Everything in the entries except the pictures should be copied exactly.

→ DATA FOR THIS TASK
╭──

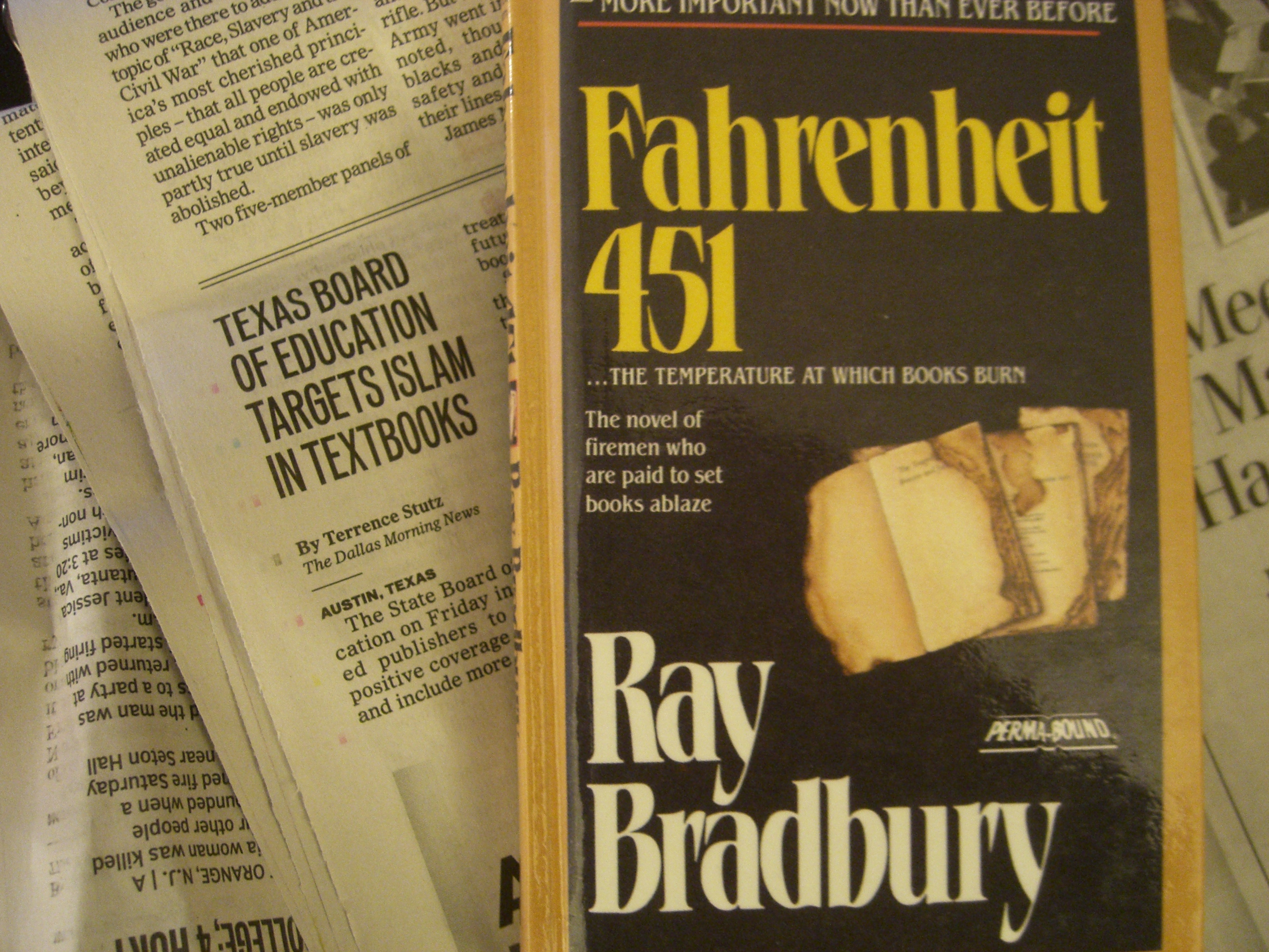That article on the textbooks really bothers me because it doesn’t mention anything about what the truth is but what the social conservatives want.  They are shaping the knowledge base of the young people in Texas.  They don’t have to include anything that is false in those textbooks, but by leaving out other “truths,” the students will get a very skewed view of the world, and that is exactly what that majority wants.  As Bradbury writes in the Coda of his novel,  “There is more than one way to burn a book. And the world is full of people running about with lit matches.”
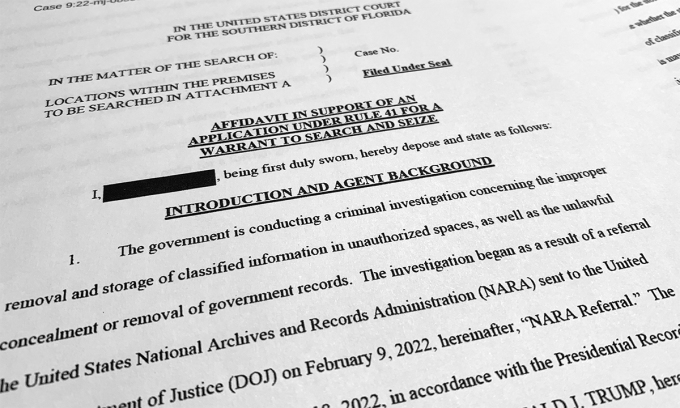 Phần mở đầu tờ tŕnh xin lệnh khám dinh thự Mar-a-Lago của cựu tổng thống Mỹ Donald Trump được công bố ngày 26/8. Ảnh: AP.
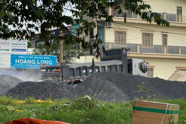 Xe ben đổ đá tại cơ sở vật liệu xây dựng Hoàng Long (đường Phan Văn Hớn, xã Xuân Thới Thượng, huyện Hóc Môn) sau khi lưu thông qua nhiều tuyến đường giới hạn trọng tải 10 tấn.
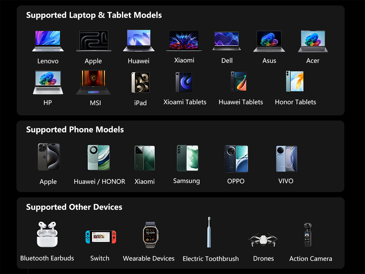 Built for modern devices, this 20000mAh power bank delivers genuine 100W fast charging, with full support for PD 3.0 and multiple fast-charge protocols. The built-in 70cm retractable USB-C cable supports up to 20V/5A (100W), making it powerful enough to charge USB-C laptops such as the MacBook Air (M3), as well as tablets and other high-performance electronics. In laboratory testing, it can charge a MacBook Air (M3) to 50% in just 30 minutes, giving you fast, reliable power when time matters.
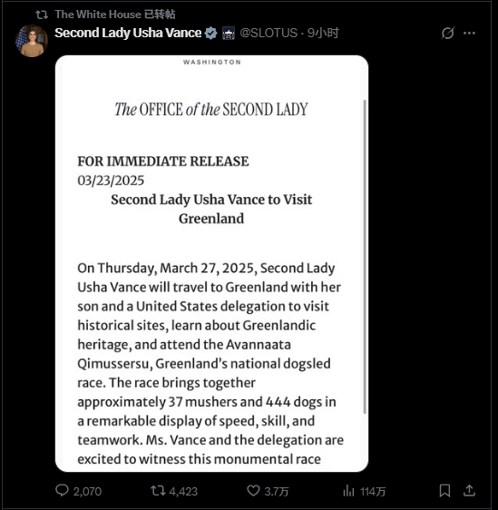 白宫表示:“万斯女士和代表团很高兴见证这场具有纪念意义的比赛,并庆祝格陵兰的文化和团结。”据悉,乌莎·万斯和代表团将于周六返回美国。
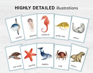 Sea Animal Flashcards for Montessori Learning – Educational Homeschool Resource, Watercolor Nomenclature Cards
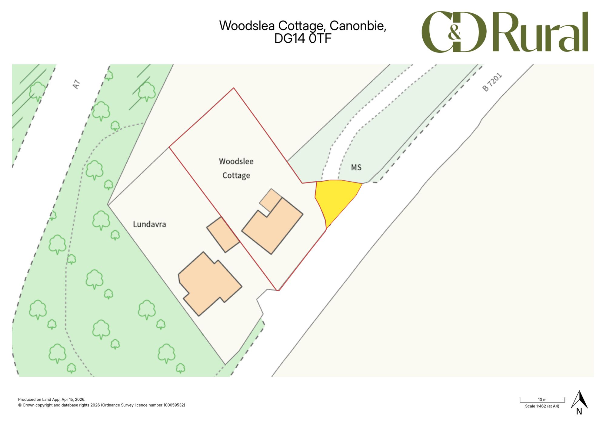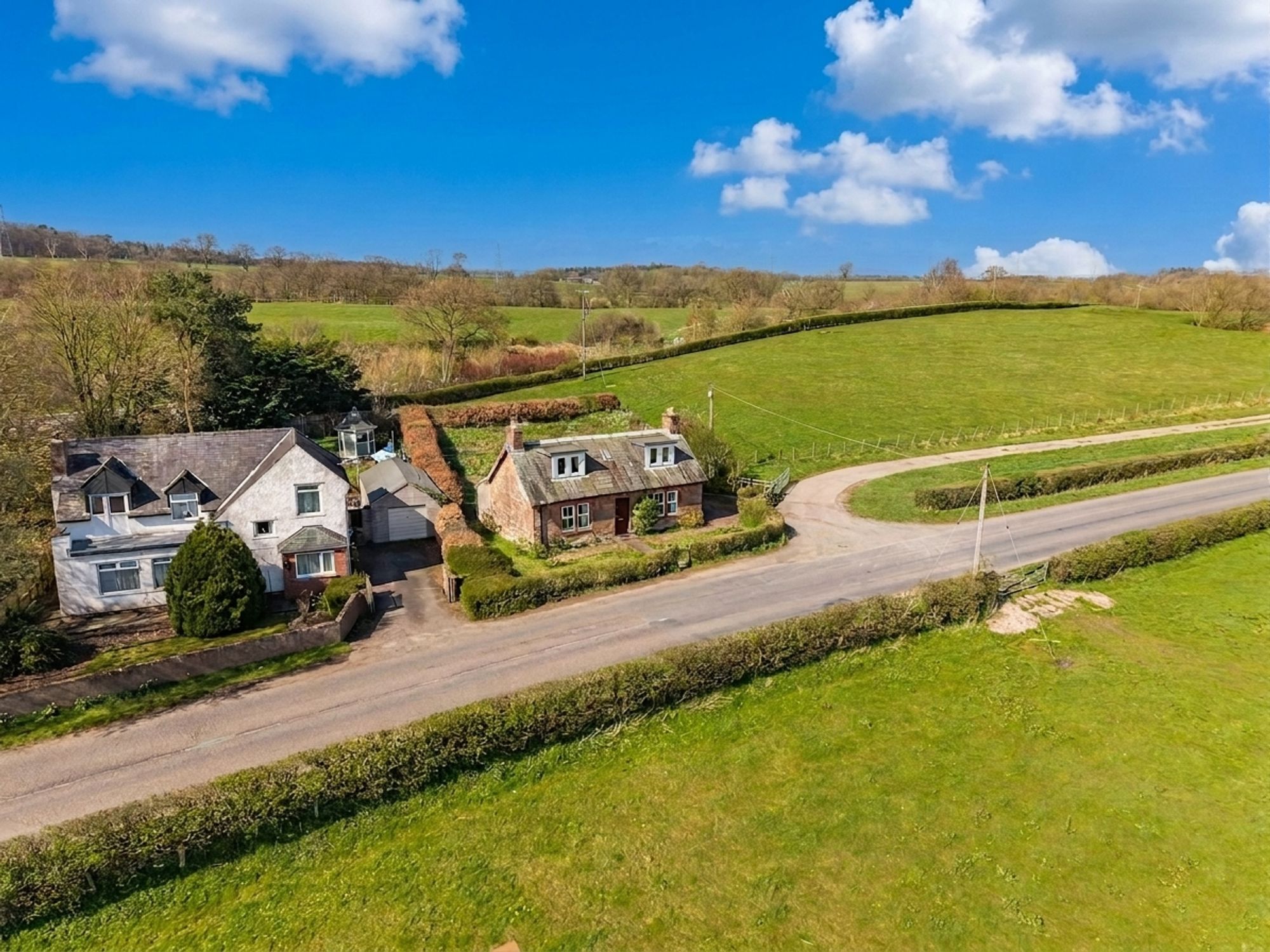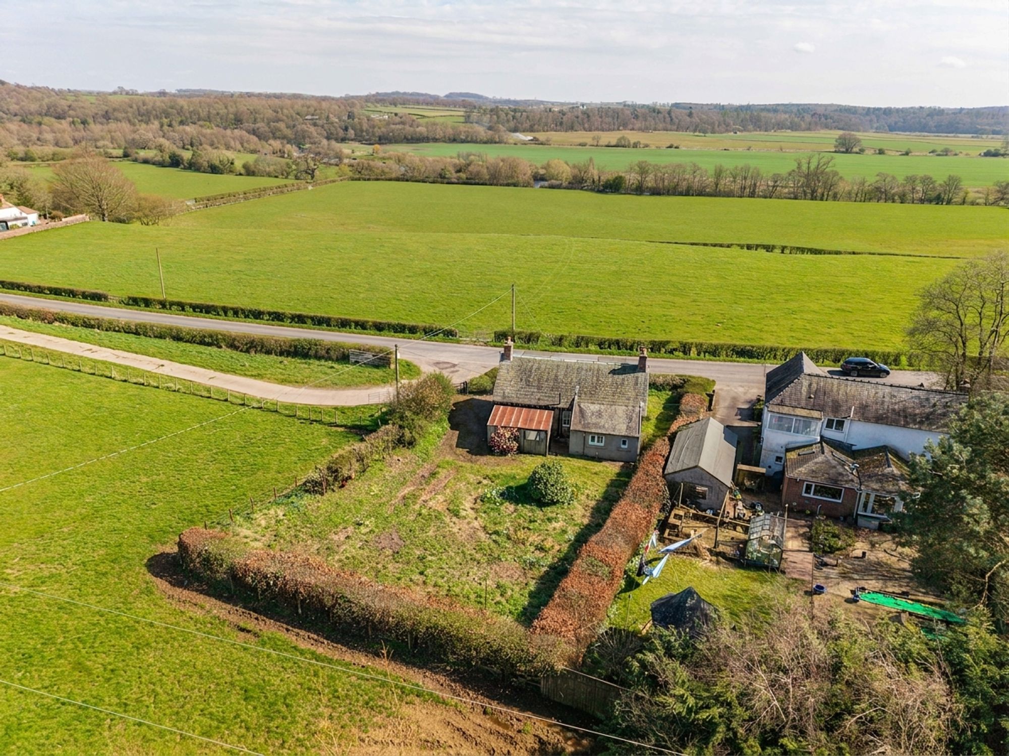 Woodslee Cottage is situated in an accessible yet rural location. There is a path from the road leading to the front door with sections of lawn either side. At the side of the property there is gated access for parking. A right of access will be granted over the farm track. There is a timber cladded garage/shed attached to the property. The gardens at the rear are private and offer space for a possible extension subject to necessary planning consents.
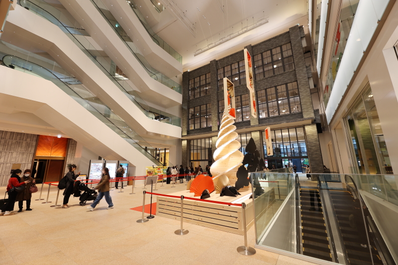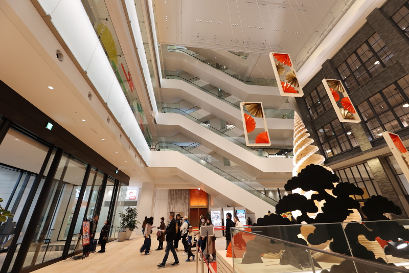 南側には地下階から2階までを吹き抜けにした巨大なアトリウム空間。KITTE大阪の賑わいを通りにも滲み出させる造りとなっています。
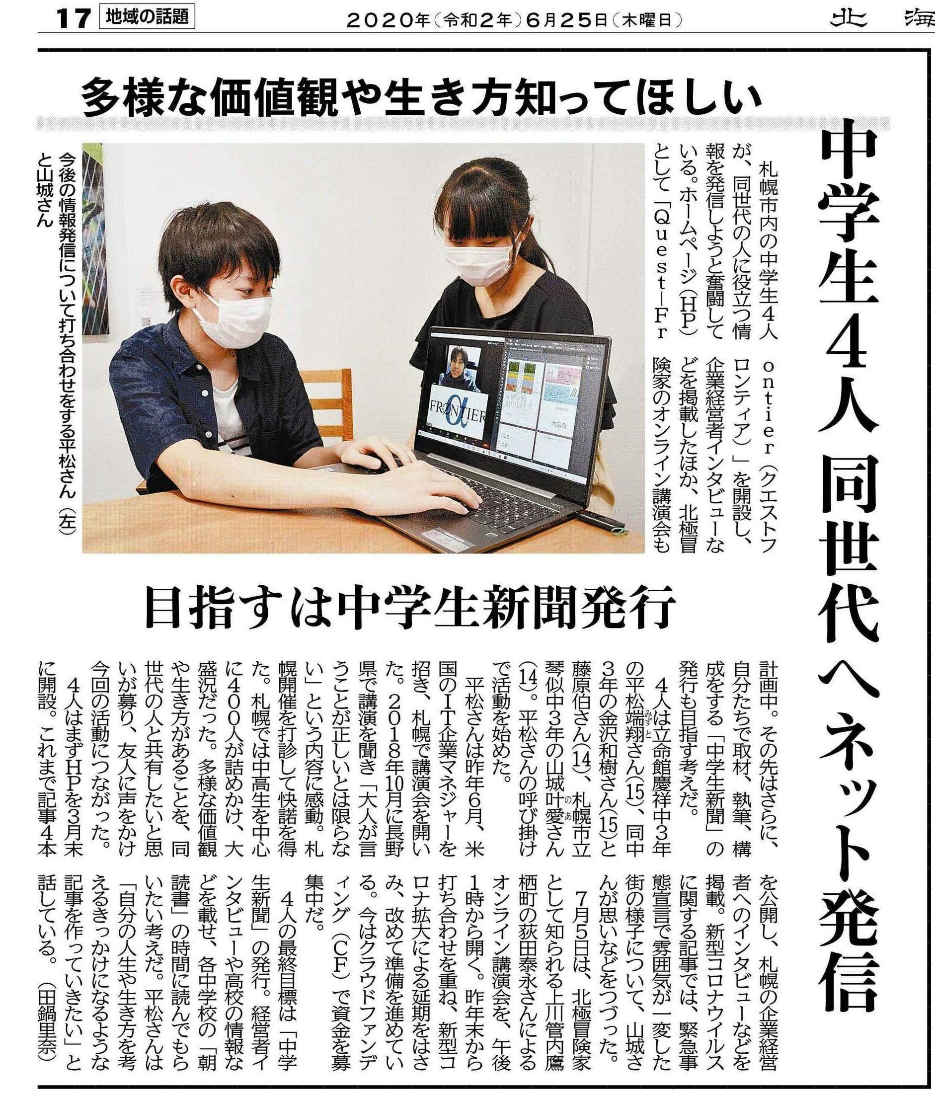 2020年2月 小中高校生向けに様々な方の生き方や考え方を取材し、記事にして掲載することを目的としたウェブメディア「Quest-Frontier」公開

╰──

→ ANSWER SPACE
That article on the textbooks really bothers me because it doesn’t mention anything about what the truth is but what the social conservatives want.  They are shaping the knowledge base of the young people in Texas.  They don’t have to include anything that is false in those textbooks, but by leaving out other “truths,” the students will get a very skewed view of the world, and that is exactly what that majority wants.  As Bradbury writes in the Coda of his novel,  “There is more than one way to burn a book. And the world is full of people running about with lit matches.”
 Phần mở đầu tờ tŕnh xin lệnh khám dinh thự Mar-a-Lago của cựu tổng thống Mỹ Donald Trump được công bố ngày 26/8. Ảnh: AP.
 Xe ben đổ đá tại cơ sở vật liệu xây dựng Hoàng Long (đường Phan Văn Hớn, xã Xuân Thới Thượng, huyện Hóc Môn) sau khi lưu thông qua nhiều tuyến đường giới hạn trọng tải 10 tấn.
 Built for modern devices, this 20000mAh power bank delivers genuine 100W fast charging, with full support for PD 3.0 and multiple fast-charge protocols. The built-in 70cm retractable USB-C cable supports up to 20V/5A (100W), making it powerful enough to charge USB-C laptops such as the MacBook Air (M3), as well as tablets and other high-performance electronics. In laboratory testing, it can charge a MacBook Air (M3) to 50% in just 30 minutes, giving you fast, reliable power when time matters.
 白宫表示:“万斯女士和代表团很高兴见证这场具有纪念意义的比赛,并庆祝格陵兰的文化和团结。”据悉,乌莎·万斯和代表团将于周六返回美国。
 Sea Animal Flashcards for Montessori Learning – Educational Homeschool Resource, Watercolor Nomenclature Cards
 Woodslee Cottage is situated in an accessible yet rural location. There is a path from the road leading to the front door with sections of lawn either side. At the side of the property there is gated access for parking. A right of access will be granted over the farm track. There is a timber cladded garage/shed attached to the property. The gardens at the rear are private and offer space for a possible extension subject to necessary planning consents.
 南側には地下階から2階までを吹き抜けにした巨大なアトリウム空間。KITTE大阪の賑わいを通りにも滲み出させる造りとなっています。
 2020年2月 小中高校生向けに様々な方の生き方や考え方を取材し、記事にして掲載することを目的としたウェブメディア「Quest-Frontier」公開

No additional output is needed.